**WORK REQUEST**
Starting at the line below with "This Kensington Knee" and stopping at the line with "表为各机构对2019/2020榨季全球食糖缺口量预估", please print each line exactly, those two included, and skip every picture.
*** Begin section ***
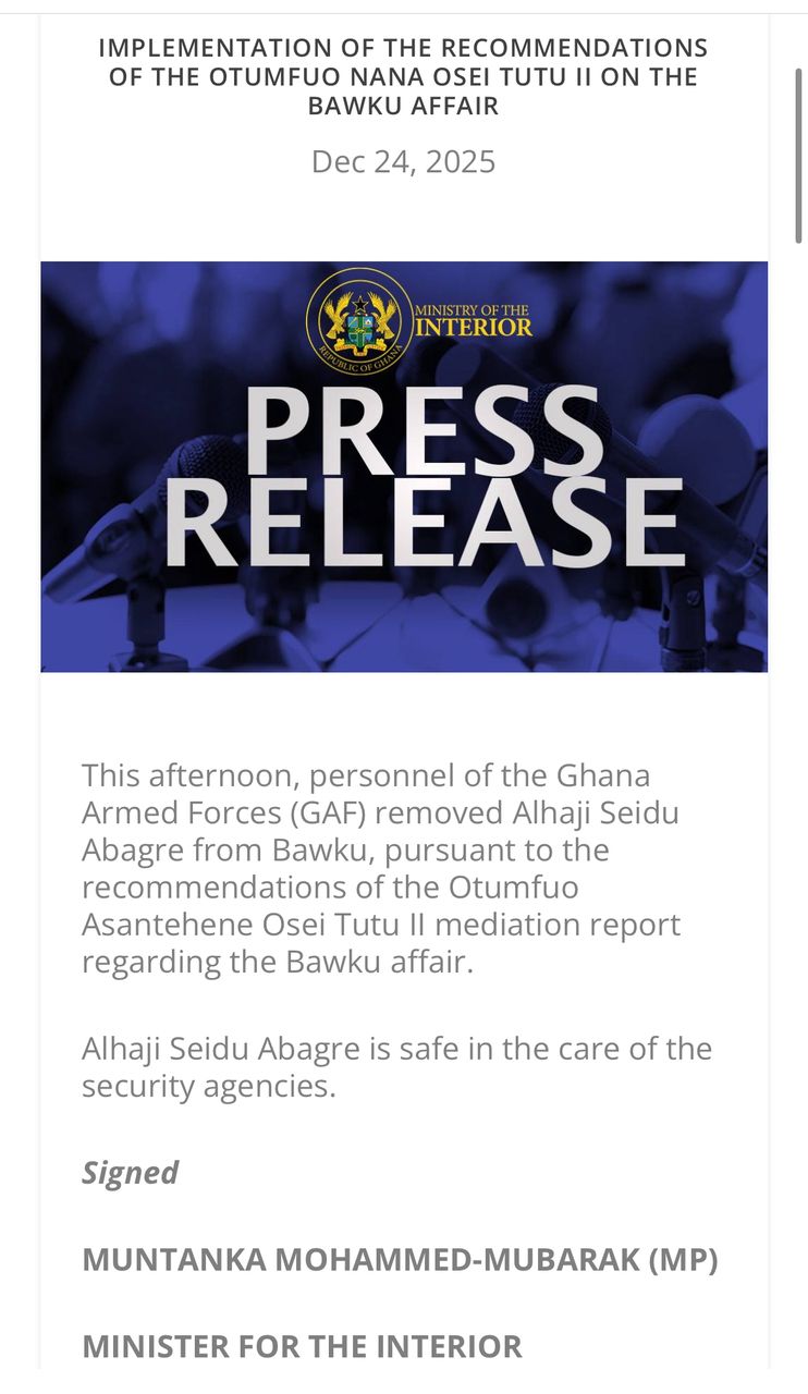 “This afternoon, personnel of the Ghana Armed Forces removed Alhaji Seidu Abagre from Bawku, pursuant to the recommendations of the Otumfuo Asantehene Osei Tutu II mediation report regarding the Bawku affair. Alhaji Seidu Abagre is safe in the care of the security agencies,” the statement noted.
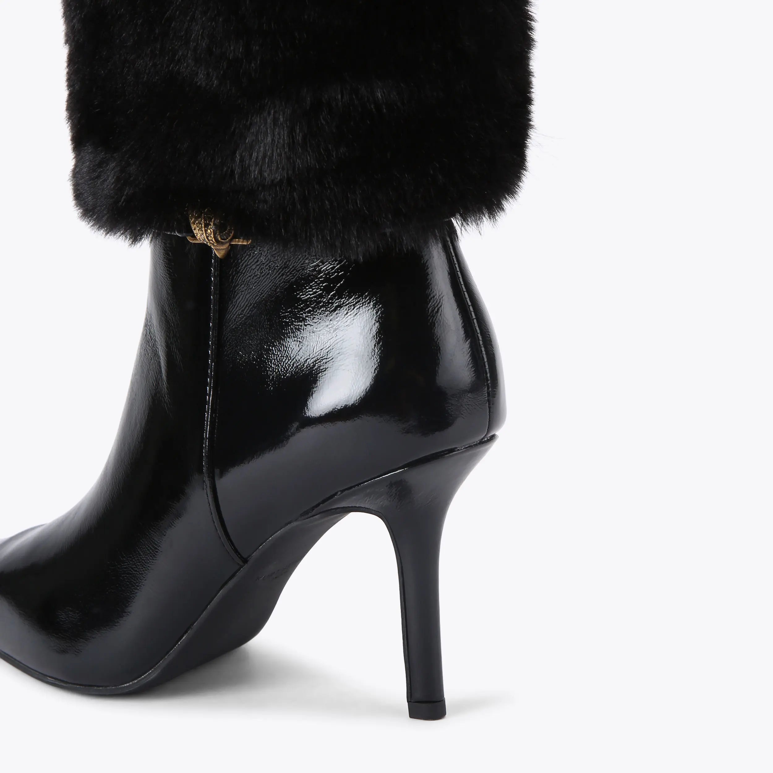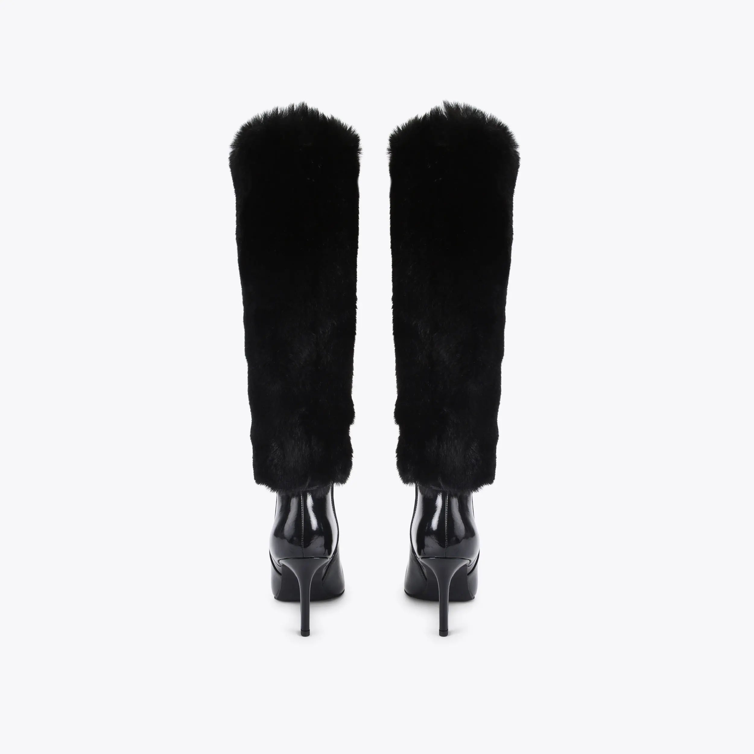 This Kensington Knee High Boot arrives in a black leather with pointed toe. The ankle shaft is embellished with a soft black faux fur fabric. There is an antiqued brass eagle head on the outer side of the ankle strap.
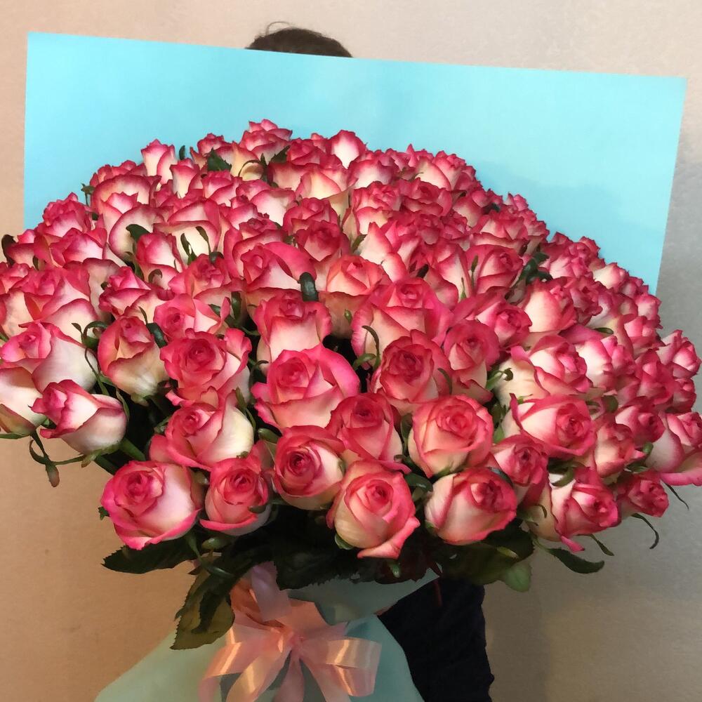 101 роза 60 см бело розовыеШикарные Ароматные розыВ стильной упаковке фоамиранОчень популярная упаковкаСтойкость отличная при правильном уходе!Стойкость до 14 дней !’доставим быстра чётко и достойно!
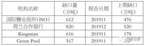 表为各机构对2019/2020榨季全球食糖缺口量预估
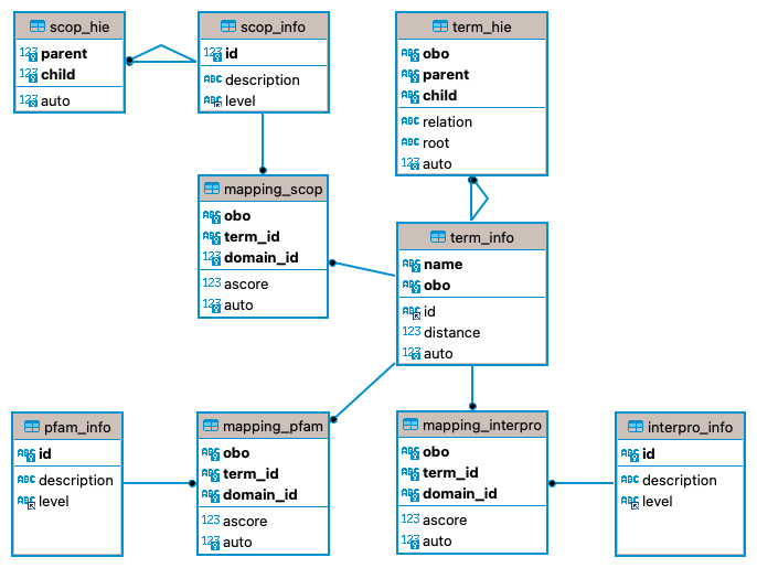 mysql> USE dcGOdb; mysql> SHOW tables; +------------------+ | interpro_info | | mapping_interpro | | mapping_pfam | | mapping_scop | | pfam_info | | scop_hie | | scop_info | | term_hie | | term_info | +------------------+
*** End section ***
**RESULT OF THIS TASK**
 This Kensington Knee High Boot arrives in a black leather with pointed toe. The ankle shaft is embellished with a soft black faux fur fabric. There is an antiqued brass eagle head on the outer side of the ankle strap.
 101 роза 60 см бело розовыеШикарные Ароматные розыВ стильной упаковке фоамиранОчень популярная упаковкаСтойкость отличная при правильном уходе!Стойкость до 14 дней !’доставим быстра чётко и достойно!
 表为各机构对2019/2020榨季全球食糖缺口量预估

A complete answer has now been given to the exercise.